Greybox fuzzing is one of the most popular methods for detecting software vulnerabilities, which conducts a biased random search within the program input space. To enhance its effectiveness in achieving deep coverage of program behaviors, greybox fuzzing is often combined with concolic execution, which performs a path-sensitive search over the domain of program inputs. In hybrid fuzzing, conventional greybox fuzzing is followed by concolic execution in an iterative loop, where reachability roadblocks encountered by greybox fuzzing are tackled by concolic execution. However, such hybrid fuzzing still suffers from difficulties conventionally faced by symbolic execution, such as the need for environment modeling and system call support. In this work, we show how to achieve the effect of concolic execution without having to compute and solve symbolic path constraints. When coverage-based greybox fuzzing reaches a roadblock in terms of reaching certain branches, we conduct a slicing on the execution trace and suggest modifications of the input to reach the relevant branches. A Large Language Model (LLM) is used as a solver to generate the modified input for reaching the desired branches. Compared with both the vanilla greybox fuzzer AFL and hybrid fuzzers Intriguer and Qsym, our LLM-based hybrid fuzzer HyLLfuzz (pronounced "hill fuzz") demonstrates superior coverage. Furthermore, the LLM-based concolic execution in HyLLfuzz takes a time that is 4-19 times faster than the concolic execution running in existing hybrid fuzzing tools. This experience shows that LLMs can be effectively inserted into the iterative loop of hybrid fuzzers, to efficiently expose more program behaviors.

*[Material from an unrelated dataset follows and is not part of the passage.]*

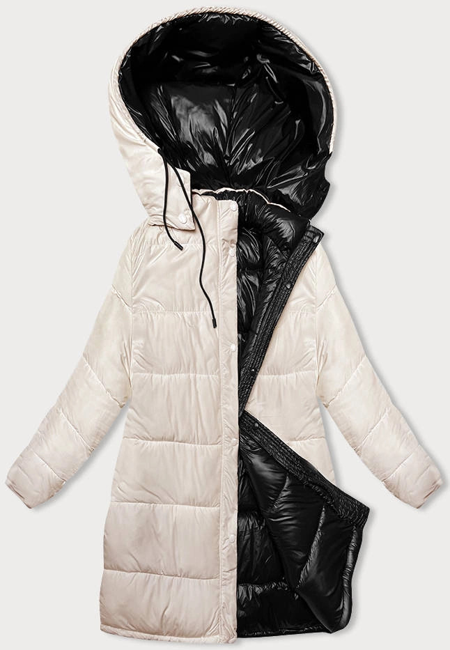 Černo-ecru hrubší oboustranná dámská zimní bunda (V768g) odstíny černé XL (42)

翻译：灰盒模糊测试是检测软件漏洞最流行的方法之一，它在程序输入空间内执行有偏随机搜索。为了提升其在深度覆盖程序行为方面的有效性，灰盒模糊测试常与具体执行相结合，后者在程序输入域上执行路径敏感搜索。在混合模糊测试中，传统的灰盒模糊测试与具体执行在迭代循环中交替进行，其中灰盒模糊测试遇到的可达性障碍由具体执行处理。然而，此类混合模糊测试仍面临符号执行传统上遇到的困难，例如需要环境建模和系统调用支持。在本工作中，我们展示了如何在不计算和求解符号路径约束的情况下实现具体执行的效果。当基于覆盖率的灰盒模糊测试在到达特定分支方面遇到障碍时，我们对执行轨迹进行切片，并提出修改输入以到达相关分支的建议。使用大型语言模型作为求解器来生成到达目标分支的修改输入。与原始灰盒模糊测试工具AFL以及混合模糊测试工具Intriguer和Qsym相比，我们基于LLM的混合模糊测试工具HyLLfuzz（发音为"hill fuzz"）展现出更优的覆盖率。此外，HyLLfuzz中基于LLM的具体执行耗时比现有混合模糊测试工具中的具体执行快4至19倍。这一实践表明，LLM可有效嵌入混合模糊测试工具的迭代循环中，以高效暴露更多程序行为。